Each entry should be repeated exactly. Its pictures should not be.

** Opening STUDY MATERIAL block **

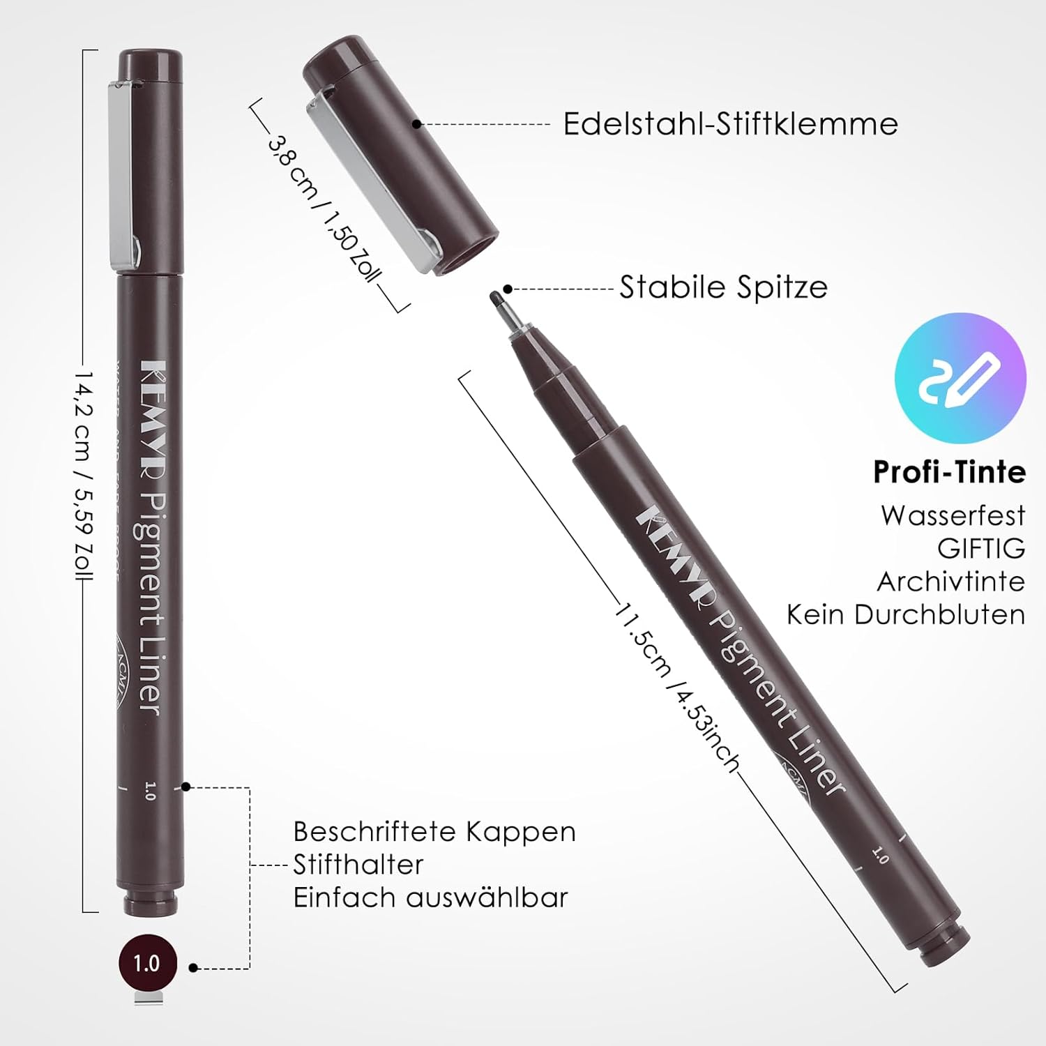 - Convenient and user-friendly: Both the pen body and cap have line width markings, allowing you to quickly find the line width you need from any angle. The stainless steel pen clip is very durable, and you can clip it onto your sketchbook, notebook, diary, and marker pads.
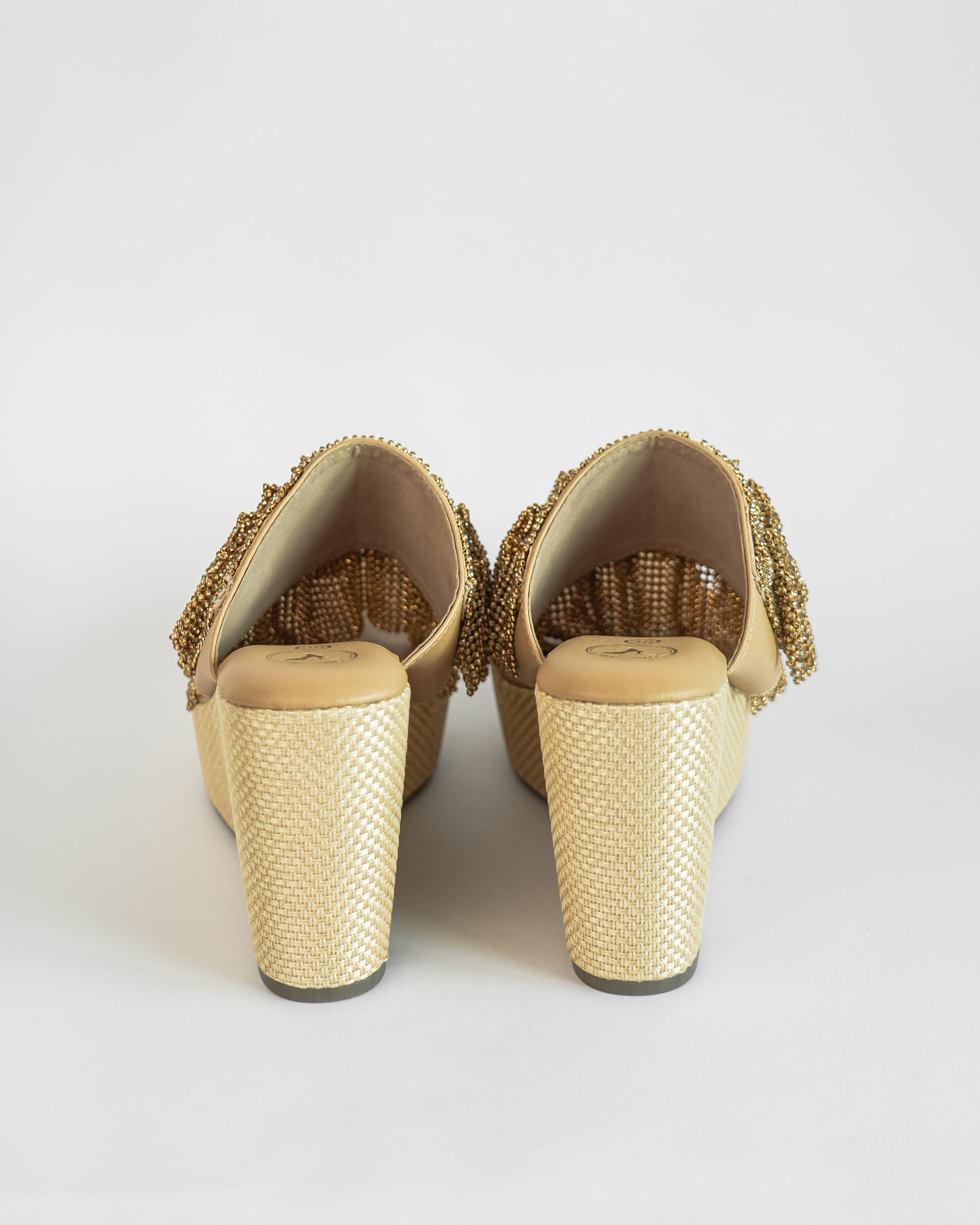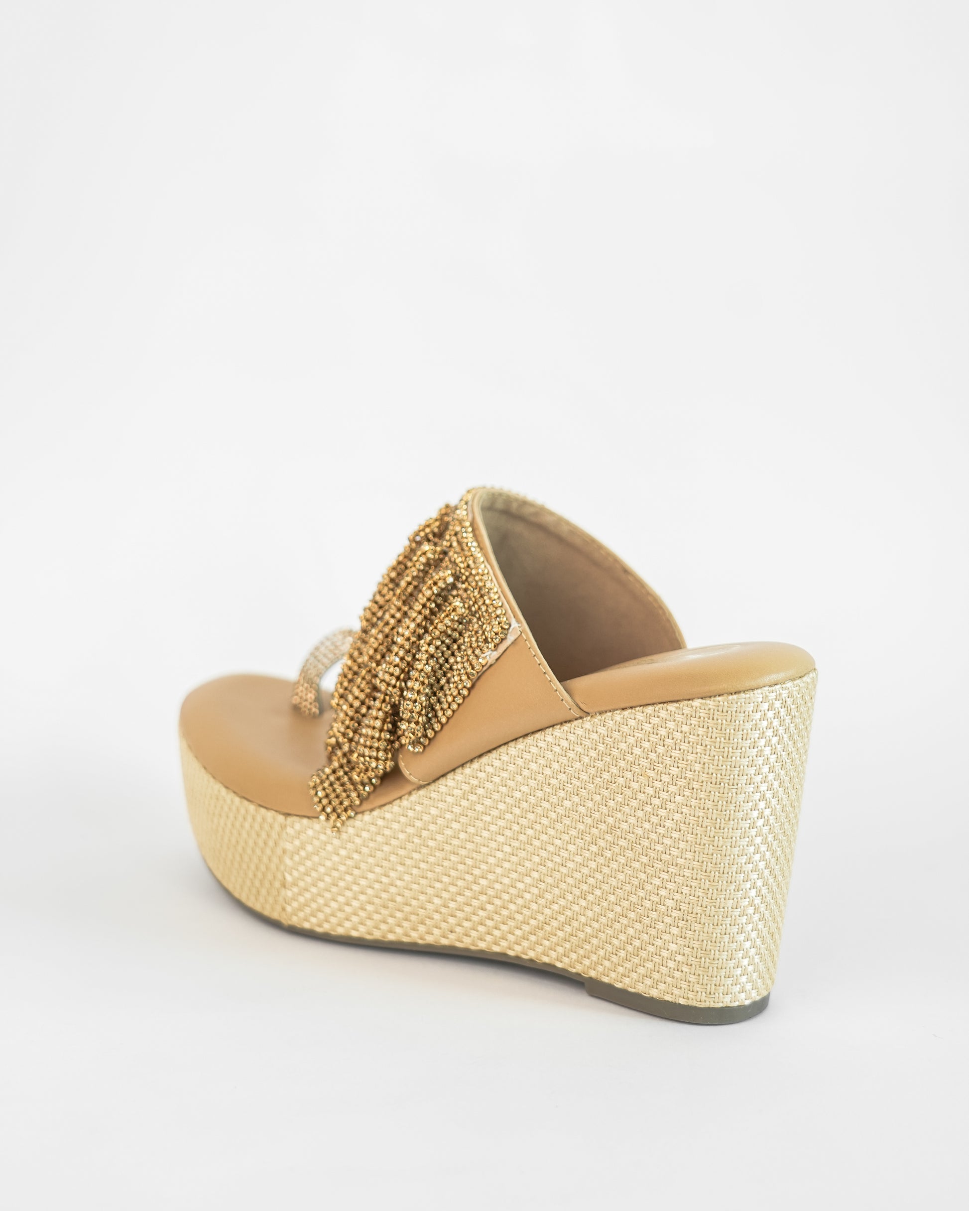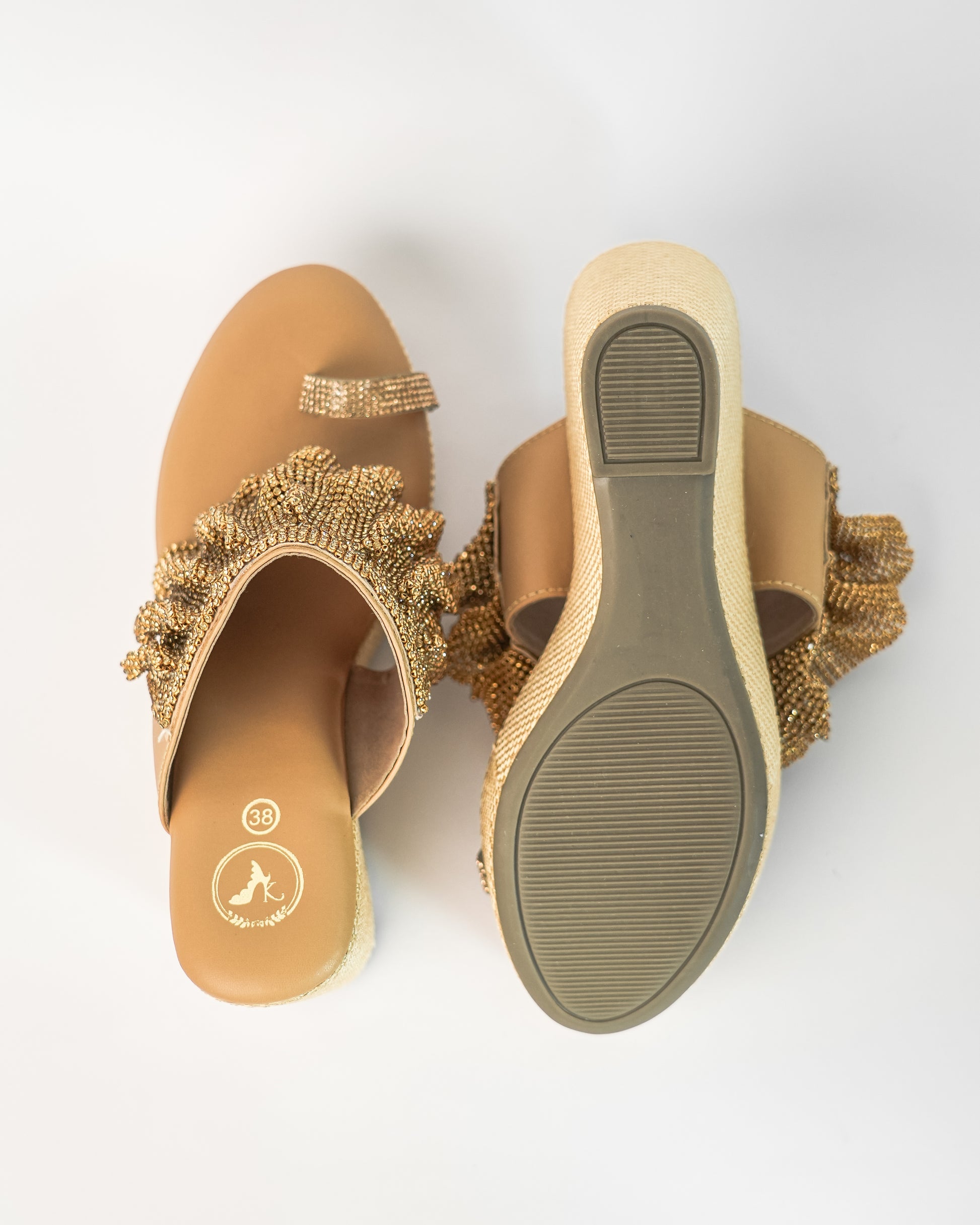 Shine with elegance in these Gold Open Toe Mesh Wedges, featuring a stunning rhinestone plate fall that adds a touch of glamour. With a 3.5-inch wedge heel and memory cushion for ultimate comfort, these slip-on wedges are designed for all-day wear. The vegan-friendly sole material ensures ethical fashion, making them perfect for any occasion—whether it's a wedding, party, or casual outing. Elevate your ensemble effortlessly with these dazzling wedges.
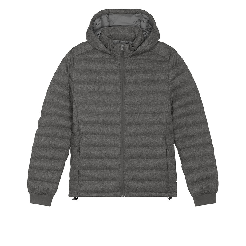 This wool-like men\u0092s padded jacket is fully quilted with side panels for a better shape.
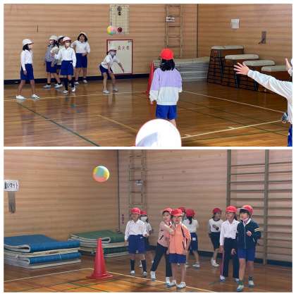2年1組と4組の合同体育の授業のようすです。屋内運動場でドッジボールの対戦をしていました。みんなで声をかけ合いながらもりあげることができましたね。勝敗以上に、一生懸命がすてきでしたよ!
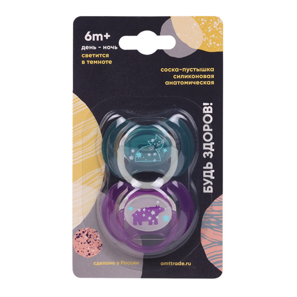 Соска-пустышка Будь здоров силикон нагубник бабочка светящ в темноте (с 6 мес), 2 шт

** Closing STUDY MATERIAL block **

**RESPONSE:**
 - Convenient and user-friendly: Both the pen body and cap have line width markings, allowing you to quickly find the line width you need from any angle. The stainless steel pen clip is very durable, and you can clip it onto your sketchbook, notebook, diary, and marker pads.
 Shine with elegance in these Gold Open Toe Mesh Wedges, featuring a stunning rhinestone plate fall that adds a touch of glamour. With a 3.5-inch wedge heel and memory cushion for ultimate comfort, these slip-on wedges are designed for all-day wear. The vegan-friendly sole material ensures ethical fashion, making them perfect for any occasion—whether it's a wedding, party, or casual outing. Elevate your ensemble effortlessly with these dazzling wedges.
 This wool-like men\u0092s padded jacket is fully quilted with side panels for a better shape.
2年1組と4組の合同体育の授業のようすです。屋内運動場でドッジボールの対戦をしていました。みんなで声をかけ合いながらもりあげることができましたね。勝敗以上に、一生懸命がすてきでしたよ!
 Соска-пустышка Будь здоров силикон нагубник бабочка светящ в темноте (с 6 мес), 2 шт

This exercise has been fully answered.